To the first criticism, we say that we strongly support the opening to study cultural breadth and a new inclusiveness enacted in the Area One Requirement, and we can not conceive of, and would not sanction, an introductory course sequence in humanistic study that didn't include, for instance, multicultural perspectives, attention to gender, race, religion, social identities, and significant texts by women and men of various cultures and ethnicities. We charge the Area One Governance Committee to note carefully the language of the new legislation and to insure that the spirit and principle of inclusiveness established by the 1988 Area One Requirement is maintained.
To the second objection we say that by recommending an introduction to, and forms of, inquiry into the humanities, we intend the teaching -- through representative texts, chosen carefully by individual faculty members under the oversight of the Area One Committee, for the significance of their content, rather than through a flurried attempt to choose and cover "the" great books and "our" or "others'" cultural history -- of precisely the foundations of culture that an educated person at the end of this century needs. We mean to ensure that the wording of the legislation, the judgment of the faculty, and the oversight of the Area One Governance Committee will insure the study of major texts of enduring influence, power, and pedagogical relevance that help make students aware of their complex cultural and humanistic heritage. In the present stage of humanistic inquiry, reducing civilization -- or the humanities -- to a single book list (think how many "great," "seminal," "indispensable" books there are) seems both arbitrary and impossible. The committee intends to move away from the specification of content in so far as possible. In this, we aspire to something analogous to the science requirements, in which the University does not specify, say, statistics or calculus, but math; not biology or physics or chemistry but natural science. Thus, while we certainly need to provide examples of potential courses, we have decided that the specifications need to be put in more general terms in order to give the faculty freedom to engage significant issues as they see them and to respond to changing needs on the part of the students. With freedom goes responsibility and trust in colleagues to do a good job as they devise courses to meet the specifications and live up to the spirit of the requirement.
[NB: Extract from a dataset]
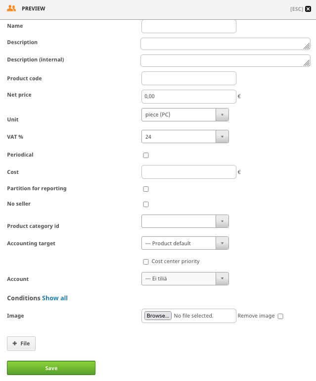 - Accounting account: You can choose an accounting account for the product. Note that this option is not visible if you have not yet created any accounting accounts.

To the third criticism, we say that we hope the benefits of basic instruction in humanistic inquiry outweigh any loss in continuity, but that sequences can be designed with continuity; that historical focus can be stressed in some courses, that historical focus in the present CIV varies greatly, as it will in the new Area One; and that whether comprehensiveness is illusory or not, the grounding in modes of humanistic inquiry can certainly be an effective way to study human development and the relationship of past and present.
It is time to redefine the core of an introduction-to-the-humanities, "CIV"-type course: It is not a fixed content, a token core list of authors and works that nobody can quite agree on, or "the common intellectual experience of broadening students' understanding of culture, cultural diversity and the process of cultural interaction" (though it could and should foster such experience), but the study of the making and manifold understanding of important articulations and expressions -- significant in the historical and aesthetic memory that makes the future -- of what it is, and how many ways there are, to be human.